╭─ Provided material

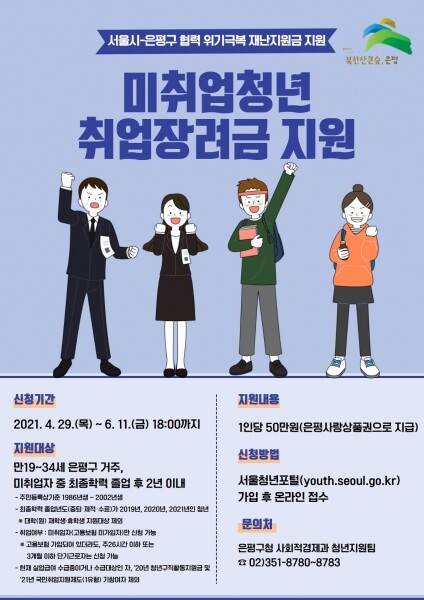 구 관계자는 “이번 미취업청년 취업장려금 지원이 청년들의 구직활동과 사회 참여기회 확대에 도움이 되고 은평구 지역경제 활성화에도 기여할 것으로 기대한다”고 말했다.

╰─
╭─ Provided material

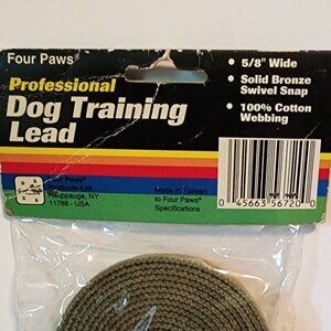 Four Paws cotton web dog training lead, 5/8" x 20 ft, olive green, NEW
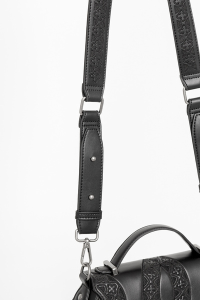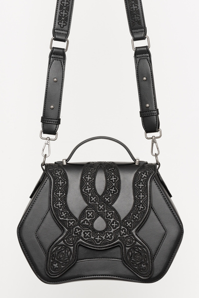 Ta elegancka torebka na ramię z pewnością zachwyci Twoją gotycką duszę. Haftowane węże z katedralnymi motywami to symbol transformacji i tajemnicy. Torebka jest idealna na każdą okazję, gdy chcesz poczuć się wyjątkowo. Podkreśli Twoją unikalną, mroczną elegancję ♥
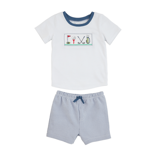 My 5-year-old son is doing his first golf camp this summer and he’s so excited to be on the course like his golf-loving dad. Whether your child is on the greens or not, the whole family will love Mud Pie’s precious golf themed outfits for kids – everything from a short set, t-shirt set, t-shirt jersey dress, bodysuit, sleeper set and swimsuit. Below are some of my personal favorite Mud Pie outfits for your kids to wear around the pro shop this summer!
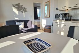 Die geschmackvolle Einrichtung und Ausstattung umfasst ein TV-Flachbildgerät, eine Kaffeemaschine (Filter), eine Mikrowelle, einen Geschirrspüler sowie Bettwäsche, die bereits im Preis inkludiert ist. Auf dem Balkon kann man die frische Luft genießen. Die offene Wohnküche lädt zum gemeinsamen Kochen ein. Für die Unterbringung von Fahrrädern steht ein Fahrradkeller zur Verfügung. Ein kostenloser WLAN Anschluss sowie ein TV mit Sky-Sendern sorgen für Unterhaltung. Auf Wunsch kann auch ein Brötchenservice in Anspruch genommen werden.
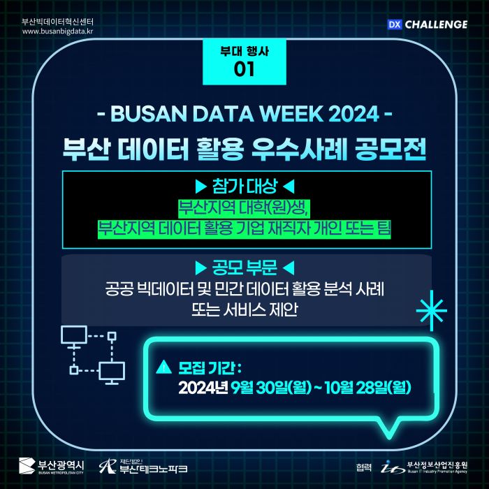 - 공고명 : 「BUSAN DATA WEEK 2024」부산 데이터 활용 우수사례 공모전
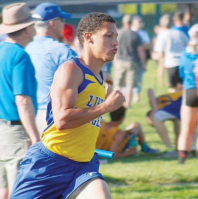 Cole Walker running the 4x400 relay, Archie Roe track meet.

╰─
╭─ Provided material

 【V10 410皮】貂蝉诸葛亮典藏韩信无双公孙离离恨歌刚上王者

╰─

Assignment: Take the material above from the line bearing "Four Paws cotton" through the line bearing "My 5-year-old son" and write it out exactly, both end lines included. Pictures stay out.

Written response:
 Four Paws cotton web dog training lead, 5/8" x 20 ft, olive green, NEW
 Ta elegancka torebka na ramię z pewnością zachwyci Twoją gotycką duszę. Haftowane węże z katedralnymi motywami to symbol transformacji i tajemnicy. Torebka jest idealna na każdą okazję, gdy chcesz poczuć się wyjątkowo. Podkreśli Twoją unikalną, mroczną elegancję ♥
 My 5-year-old son is doing his first golf camp this summer and he’s so excited to be on the course like his golf-loving dad. Whether your child is on the greens or not, the whole family will love Mud Pie’s precious golf themed outfits for kids – everything from a short set, t-shirt set, t-shirt jersey dress, bodysuit, sleeper set and swimsuit. Below are some of my personal favorite Mud Pie outfits for your kids to wear around the pro shop this summer!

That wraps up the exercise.